This was written by Larry Lee, who led the study, “Lessons Learned from Rural Schools,” a look at 10 high-performing, high-poverty rural schools. He can be reached at firstname.lastname@example.org.
By Larry Lee
Using the logic of the Huntsville City Board of Education, University of Alabama football coach Nick Saban should only use his youngest, most inexperienced players when his team plays a Top Ten opponent.
Anyone who pays attention to education knows that the most persistently poor-performing schools are those in impoverished neighborhoods. For example, there are nine schools in the Huntsville system where more than 90 percent of students receive free-reduced lunches. According to an analysis by the Public Affairs Research Council of Alabama, none of these schools have reading and math scores where all grades (three through eight) are equal to or above state average.
By comparison, of the five schools where all grades are above state average, free-reduced lunches range from 4 to 25 percent.
But in spite of this, the Board of Education plans to hire 110 Teach for America teachers over the next three years and put them in schools in poor neighborhoods. These are recent college graduates, most of whom got degrees in something other than education and will receive a five-week crash course in how to teach before being sent off to work in the city’s most challenging schools.
I don’t believe this is the way Coach Saban thinks.
But this rather convoluted logic is not the only concern raised by hiring Teach for America teachers.
Earlier this year the Board of Education released a substantial number of employees, citing continuing budget concerns as the reason. Yet in addition to paying the salaries of the TFA teachers, the board will also pay an additional $5,000 per teacher to the TFA organization.
Teachers across the state have just had their pay reduced by the Legislature; Gov.

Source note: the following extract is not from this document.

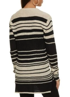 Striped Heart Print Notch Collar Pajama Shirt And Pants

Robert Bentley announced a few days ago that the state’s education budget will be $108 million less next year than in the current year, money for classroom supplies have been slashed to the bone and educators are being asked every day to do more with less.
Yet the Huntsville City Board of Education is considering signing a contract for $550,000 with Teach for America.
What am I missing?
The new superintendent for Huntsville City says the TFA teachers will be the “best and the brightest.”
However, no one mentions they will also be the most inexperienced and at their end of their two-year obligation most will move on to other careers, return to their home states or head off to grad or law school.
The Board of Education should look at “Teach For America: A Review of the Evidence ,” a 2010 report available on the website of the National Education Policy Center at the University of Colorado at Boulder.
Here is what they will find:
“Studies indicate that the students of novice TFA teachers perform significantly less well in reading and math than those of credentialed beginning teachers.
“The lack of a consistent impact, however, should indicate to policymakers that TFA is likely not the panacea that will reduce disparities in educational outcomes.
“A district whose primary goal is to improve achievement should explore and fund other educational reform that may have more promise such as universal pre-school, mentoring programs pairing novice and expert teachers, elimination of tracking and reduction in early grade class size.”
The report makes the following recommendations:
*Support TFA staffing only when the alternative hiring pool consists of uncertified and emergency teachers or substitutes.
*Consider the significant recurring costs of TFA, estimated at over $70,000 per recruit and press for a five-year commitment to improve achievement and reduce re-staffing.
*Invest strategically in evidence-based educational reform options that build long-term capacity in schools.
In lieu of this, the board can always take a trip to Tuscaloosa and ask Coach Saban what he thinks.